▸ Exercise prompt: Print every entry exactly once more, omitting each picture.

= Beginning of Section =

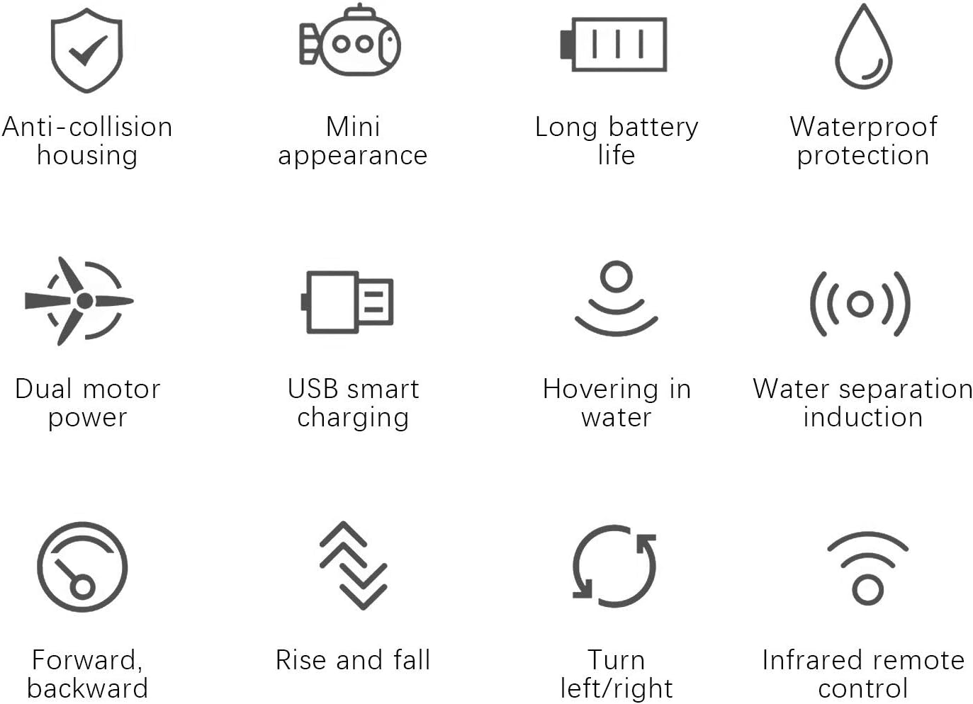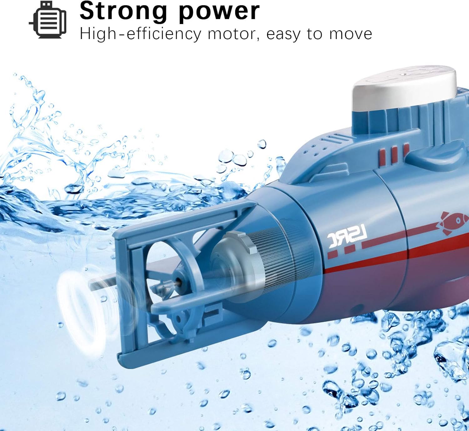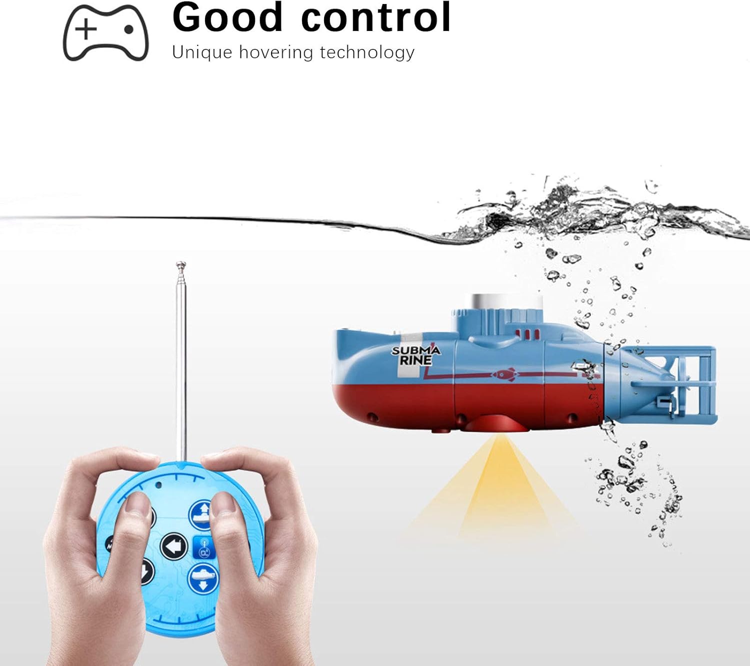 Il sistema di immersione statica consente al sottomarino di galleggiare e immergersi fino a una profondità di 0,5 metri. Il sistema di elica a trasmissione singola può far muovere il sottomarino in avanti, indietro, a sinistra e a destra. Il sistema micro timone consente al sottomarino di ruotare di 360 gradi in senso orario o antiorario. Supporta il controllo a 6 canali, destra/sinistra, su/giù, avanti/indietro, facile da controllare. Sottomarino telecomandato, alto grado di simulazione, può esercitare l'intelligenza e la coordinazione fisica dei bambini.
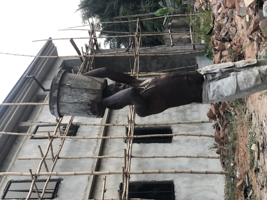 An adult male, shirtless and wearing soiled light-colored cargo pants, carries a grey cylindrical bucket balanced on his head, steadying it with both raised hands. A gold-colored chain with a cross pendant hangs from his neck, and liquid streaks are visible on his torso. The scene is set in Enugwu-Ukwu, Nigeria. Behind the man is a multi-story building under construction, its light grey walls adorned with extensive bamboo scaffolding and dark-framed windows. A black downspout is visible on the building's upper right. The foreground and mid-ground consist of reddish-brown dirt, scattered with rocks, rubble, and sparse green vegetation. Dense green trees form the background under a diffused, overcast sky.
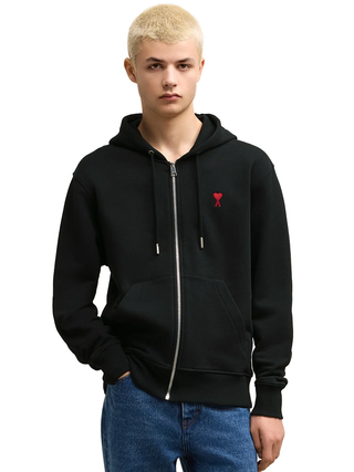Ami Paris Ami De Coeur Zip-Up Hoodie in Black
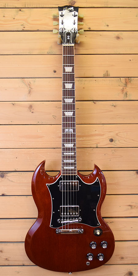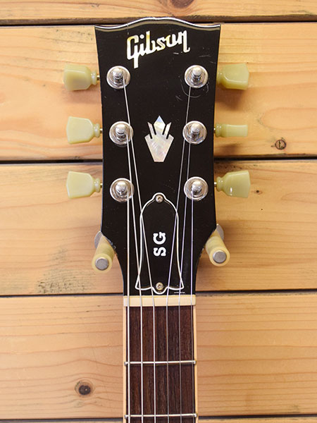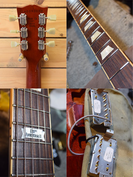 2014年製の120th Anniversary 800本限定モデル。グロス仕上げ、ラージピックガード、ディッシュインレイのスタンダードSG!単板マホガニーらしい煌びやかでエアー感のあるサウンドが魅力です。ピックアップにはパワーバランスに優れた490R&498Tが搭載されています。そして気になる重量は2.9kgと超ライトウェイト!ボディー周りに打痕や小傷など使用感はございますが、フレット残量はローフレに弾き減りはあるものの全体的な残量は8分山以上と演奏性の良い状態です(もちろんビビりなどもございません)。軽量で演奏性の良い個体をお探しだった方は是非この機会に。 付属品:オリジナルハードケース・紙類・レンチ。
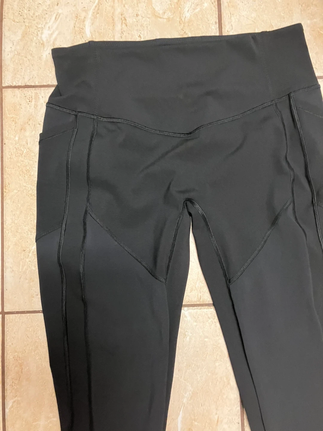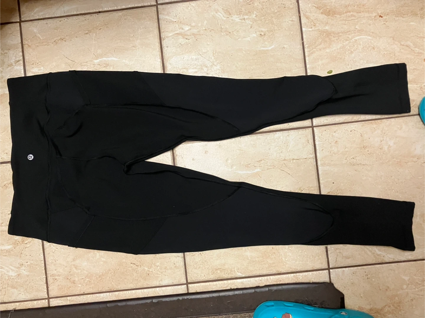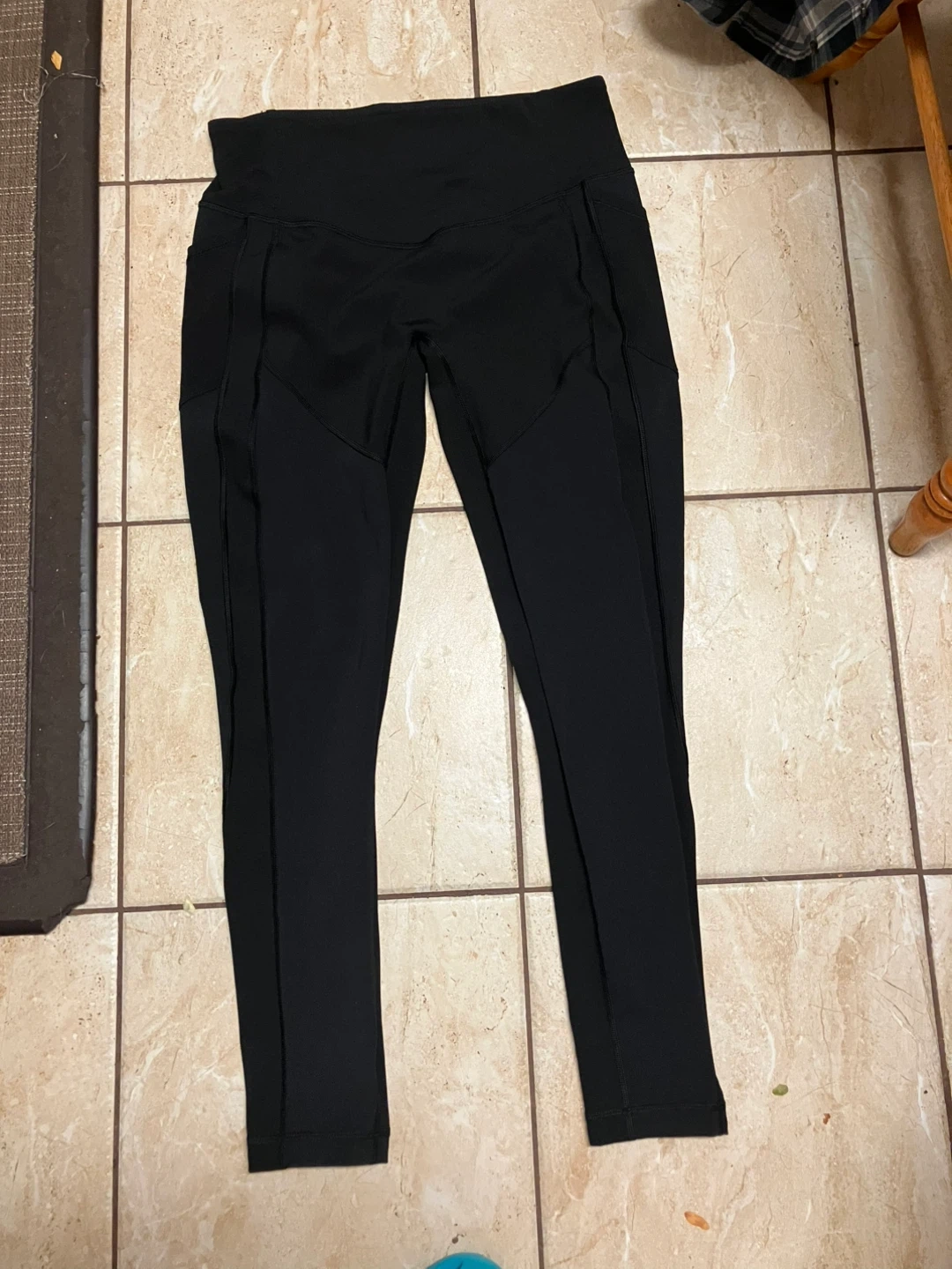 Selling a pair of Lululemon leggings in black! They have convenient pockets on the sides, perfect for holding your phone or keys while you're out and about. These leggings are in great condition and ready for a new home

= End of Section =

▸ Output of the task:
 Il sistema di immersione statica consente al sottomarino di galleggiare e immergersi fino a una profondità di 0,5 metri. Il sistema di elica a trasmissione singola può far muovere il sottomarino in avanti, indietro, a sinistra e a destra. Il sistema micro timone consente al sottomarino di ruotare di 360 gradi in senso orario o antiorario. Supporta il controllo a 6 canali, destra/sinistra, su/giù, avanti/indietro, facile da controllare. Sottomarino telecomandato, alto grado di simulazione, può esercitare l'intelligenza e la coordinazione fisica dei bambini.
 An adult male, shirtless and wearing soiled light-colored cargo pants, carries a grey cylindrical bucket balanced on his head, steadying it with both raised hands. A gold-colored chain with a cross pendant hangs from his neck, and liquid streaks are visible on his torso. The scene is set in Enugwu-Ukwu, Nigeria. Behind the man is a multi-story building under construction, its light grey walls adorned with extensive bamboo scaffolding and dark-framed windows. A black downspout is visible on the building's upper right. The foreground and mid-ground consist of reddish-brown dirt, scattered with rocks, rubble, and sparse green vegetation. Dense green trees form the background under a diffused, overcast sky.
Ami Paris Ami De Coeur Zip-Up Hoodie in Black
 2014年製の120th Anniversary 800本限定モデル。グロス仕上げ、ラージピックガード、ディッシュインレイのスタンダードSG!単板マホガニーらしい煌びやかでエアー感のあるサウンドが魅力です。ピックアップにはパワーバランスに優れた490R&498Tが搭載されています。そして気になる重量は2.9kgと超ライトウェイト!ボディー周りに打痕や小傷など使用感はございますが、フレット残量はローフレに弾き減りはあるものの全体的な残量は8分山以上と演奏性の良い状態です(もちろんビビりなどもございません)。軽量で演奏性の良い個体をお探しだった方は是非この機会に。 付属品:オリジナルハードケース・紙類・レンチ。
 Selling a pair of Lululemon leggings in black! They have convenient pockets on the sides, perfect for holding your phone or keys while you're out and about. These leggings are in great condition and ready for a new home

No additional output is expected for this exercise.